Spatial aggregation is a standard approach to in the protection of population data such as those collected from a census of population. When dealing with the analysis of administrative data, decisions must be made by the data provider regarding appropriate levels of spatial aggregation attached to individual records, both at the point of researcher access within a secure data laboratory and again on release of analysis results. Conventional rules of thumb regarding minimum threshold population sizes may not be a good indicator of risk, particularly where analysis concerns spatial relationships with environmental or social factors, which themselves are strongly geographically patterned, presenting additional geoprivacy challenges. This research uses our automated zone design software to investigate the trade-offs between disclosure risk and geographical detail in different research situations.  We have constructed a large synthetic dataset of individuals and households so that we can undertake these experiments without risking disclosure of any real data.

   Prof Li-Chun Zhang - Adjusting for linkage error to improve inference

Record linkage of separate datasets will generate linkage errors that can cause bias and loss of efficiency of the subsequent analysis, if the linked data are treated as if they were truly observed, unless a unique identifier exists for this purpose. The adjustment for linkage errors are particularly challenging for whoever performs secondary analysis and has no access to all the linkage key variables and the separate datasets, nor the details or tools of the actual linkage procedure.

Three different approaches have been investigated for secondary analysis. Firstly, research shows that typical analysis methods using maximum likelihood estimation with linked data may produce biased and inconsistent results. Secondly, using linear regression as an example, we developed an approach to reduce bias (using linear regression). This approach does not require actually linking the separate datasets, but it does require access to non-disclosive data about the precision of the linkage process. Currently, releasing such linkage comparison data is not standard practice for linkage datasets. Thirdly, we investigated the conditions by which valid analysis can be obtained, based on a subset of the all links that otherwise could have been made. This can be useful for analysis of large population datasets such as that arising from the Census data linkage project at the Office for National Statistics, where the required computation is infeasible if one attempts to use all the linkable and missed records.
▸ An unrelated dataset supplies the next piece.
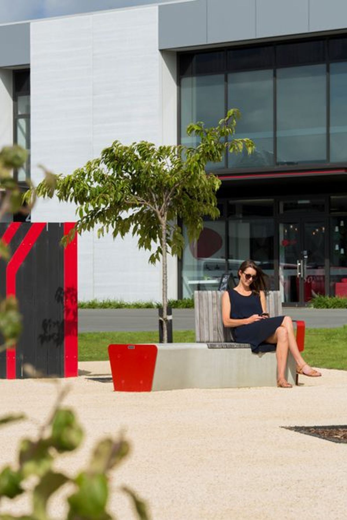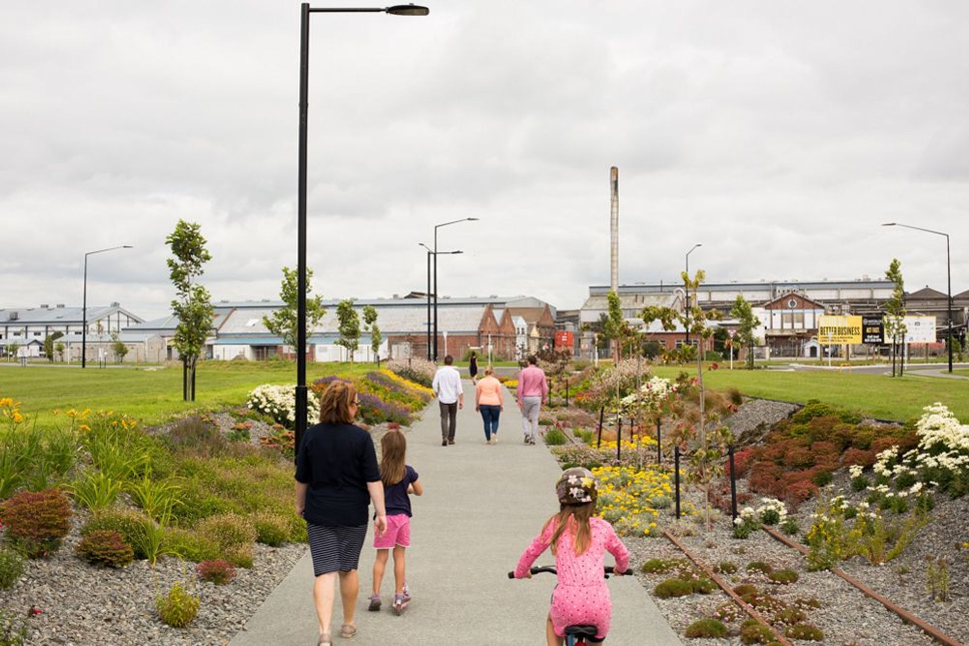 High quality materials, generous pathways and well-maintained garden areas ensure that the streets are an aesthetically pleasing place to be. Street furniture, in a considered palette that references the colours of pipes from the freezing works, is provided at various pause-points in the streets around the development, providing opportunities for workers to gather and socialise. Sustainable storm water collection is managed in raingardens; use of solar power, and a well-maintained planting scheme of trees, shrubs and grasses along the streets and in the parks are a few examples of how WBP aims to better the environment.
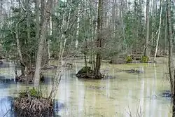 Carska Droga acts as a hydrological barrier, limiting the flow of water from the eastern to the western part of the Ławki swamp in Biebrza National Park. Its embankment has caused the groundwater table to rise in the east, leading to the development of mossy areas.[24]

We are developing practical, scalable adjustment approaches, which include case weighting methods similar to survey re-weighting for non-response and do not require detailed comparison data for all possible links.

Short glossary

  • Automated zone design: Computational tools for designing boundaries on a map to meet predefined criteria, for example, all areas must contain more than a specified number of people.
  • Bias: Effect that deprives a statistical result of representativeness by systematically distorting it, as distinct from a random error which may distort on any one occasion but balances out on the average.
  • Dataset: A Quantitative Dataset is a collection of structured information on data subjects that can be measured numerically and analysed statistically, obtained using quantitative research methods such as surveys or questionnaires. A Qualitative Dataset is a collection of unstructured information on data subjects that typically cannot be measured numerically, obtained using qualitative research methods such as interview transcripts, audio/video/digital recordings and photographic material.
  • Geoprivacy: The keeping private of someone's geographic location, especially the restriction of geographical data maintained by personal electronic equipment.
  • Identifier: Variables (or sets of variables) in Datasets, such as name, address, full date of birth, postcode information telephone number and tax reference number, which can directly identify subjects. 
  • Linear regression: An approach for modeling the relationship between a dependent variable and several explanatory variable.
  • Linkage error: The missed links between records that pertain to the same individual or false links between records that do not.
  • Linked data: A Dataset that is created through Data Linkage.
  • Maximum likelihood estimation: method of estimating how much a variable or a number of variables contribute to an observed response (e.g. how much does height contribute to weight).
  • Microdata: Data on the characteristics of units of a population, such as individuals, households, or establishments, collected by a census, survey or experiment.
  • Inference: A conclusion reached on the basis of evidence and reasoning.
  • Paradata: Additional data that can be captured during the process of producing a survey statistic.
  • Regression: a measure of the relation between the mean value of one variable (e.g. output) and corresponding values of other variables (e.g. time and cost).
  • Secondary analysis: Re-analysis of data already collected in a previous study, by a different researcher normally wishing to address a new research question.
  • Spatial aggregation: The process of grouping spatial data at a level of detail or resolution that is larger than the level at which the data were collected.
  • Statistical Disclosure Control: Methodology used in the design of statistical products in order to protect the identity of Data Subjects.
  • Synthetic Data: Microdata records created to improve data utility while preventing disclosure of confidential respondent information. Synthetic data is created by statistically modeling original data and then using those models to generate new data values that reproduce the original data's statistical properties. 
  • Trusted third party (TTP): A Trusted Third Party (TTP) performs the matching of Direct Identifiers from different data sources, or the matching of Direct Identifiers of a single data source against an existing population spline.
  • Weighing methods: Methods for adjusting data so that it is more representative of the population.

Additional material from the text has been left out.